Online fees clash are another step in Softbank-Rakuten rivalry

Business - October 12th, 2013
softbank

SoftBank Corp founder Masayoshi Son eliminated fees charged by online portal Yahoo Japan Corp to its merchants, putting two of Japan’s biggest internet moguls in a head to head clash.

Son’s move was seen as a direct challenge to Hiroshi Mikitani, head of the country’s biggest online shopping mall—and Yahoo Japan’s rival—Rakuten Inc.

Yahoo Japan, 36%-owned by SoftBank, wiped out shopping business charges for online stores on the search and retail site. Shops selling goods on Yahoo Japan used to pay an initial fee of 21,000 yen and a monthly fee of 25,000 yen, as well as a commission of 1.7% and 6.0% of sales.

Yahoo Japan gets more than half of its revenue from advertising. Son figures lower fees will increase market share and, eventually, ad sales.

Rakuten, on the other hand, charges businesses fees to operate shops on its site. Rakuten has about 29% of Japan’s 4-trillion yen e-commerce market and charges vendors about 10% of sales, according to estimates by Nicholas Tanner, an analyst at BGC Partners in Singapore.

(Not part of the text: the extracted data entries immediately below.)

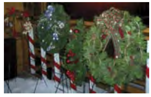
More pictures from our December events on page 5 and 6

NGRA would like to thank all of its members and the many different members of the community who volunteered their time and talent, as well as to all of those who donated items and money to these events. We are truly grateful for your help. Thank you all!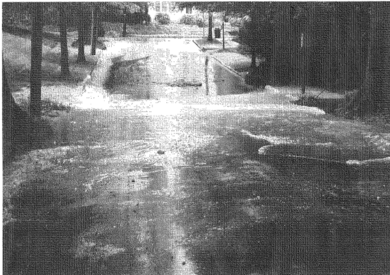
Rainwater streaming down Wakefield Drive during the June 30th storm.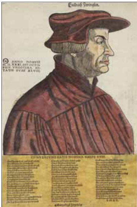
Huldrych Zwingli, single-sheet print by Augustin Fries, Zurich around 1545. Central Library Zurich, PAS II 25/30

With the Reformation and in the spirit of the early enlightenment, the need for schools and education for the population took centre stage. According to the Reformers, Protestants were to regard the Bible as God's word, worship it and read the texts, especially in the families. The Bible was to become the only guideline for religious doctrines. "Sola scriptura", this was one of the demands that contradicted the Roman Catholic papal church and its doctrine. Regarding the revolutionary spread of the Reformation, the illustrated pamphlets were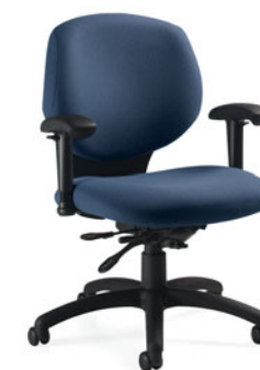
2357-3 - Medium Back Multi-Tilter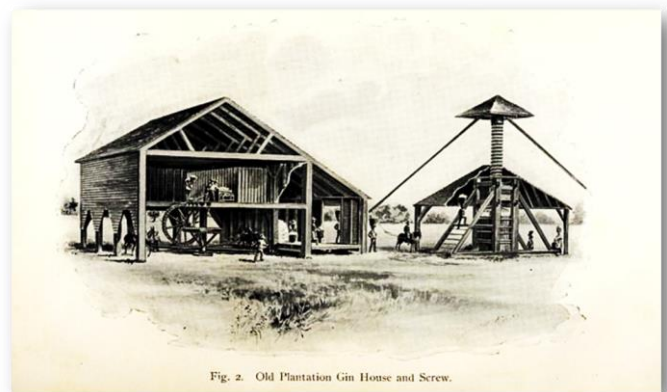
Fig. 2. Old Plantation Gin House and Screw.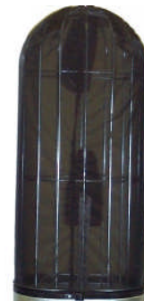
CEL-6736 replacement wind sock and fixing strap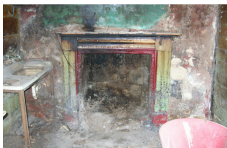
Top Kell Cottage seen through the period garden. Centre The 1840s cottage was derelict prior to renovation. Bottom The sitting room in Kell Cottage.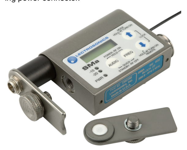
The battery eliminator assembly mounts in place of the standard battery door.

The SMBATELIM provides regulated 1.8 volts DC up to 1 amp to power all SM Series transmitter models for extended or continuous operation. The assembly is mounted to the transmitter housing in the same manner as the standard battery door. Circuitry is contained in a cylindrical housing in place of an AA battery, with a locking power connector.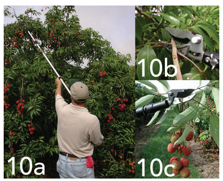
Figure 9. 10a) Harvest pole aid; 10b) Close-up of harvest aid with cutting edge and clamp; and 10c) Close-up of harvest pole aid and clipped fruit.

Fruit are harvested by cutting the main stem bearing the fruit clusters several inches behind the fruit clusters (Figure 9). Fruit may or may not be detached from the fruit clusters before storage. Ripe fruit are sweet, plump, and of the size and color characteristic of the cultivar (Table 1). Fruit picked while immature are not sweet and have poor flavor.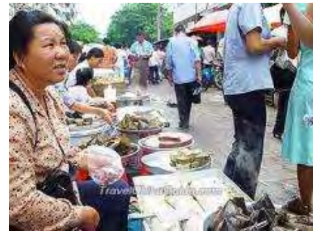
Zongzi Sold in the Local Markets

To protect his body from becoming fish's dinner, people fed the water creatures with Zongzi. Since then, eating Zongzi has been kept as one of the most important Dragon Boat Festival traditions. Wormwood and calamus are also hung on the windows and doors to avoid diseases and bad luck. Children wear coloured silk with red, yellow, blue, white and black on their ankles and wrists to ward off evil and diseases.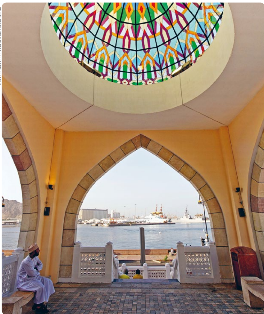
Top: Mutrah Souq (p138), Muscat, Oman Bottom: Royal Opera House Muscat (p127), Oman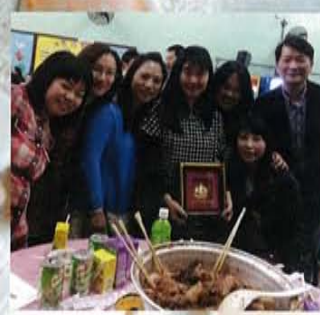
Past students at Poon Choi Feast

The elimination of fees could mean an exodus of online merchants to Yahoo Japan from Rakuten, according to the Wall Street Journal.

The budding price war has shocked Japan’s conservative business culture, and investors wiped out as much as $4.3 billion in both companies’ market values.

Rakuten’s share price sank 11.7% and Yahoo Japan dropped 6.5% on Tuesday.

Son and Mikitani, Japan’s second- and third-wealthiest men, are expected to face off in many more clashes as their empires seek new revenues.

“In a fight between Son and Mikitani, I would place bets on Masayoshi Son,” said Gerhard Fasol, president of the Tokyo-based technology consulting firm, Eurotechnology Japan.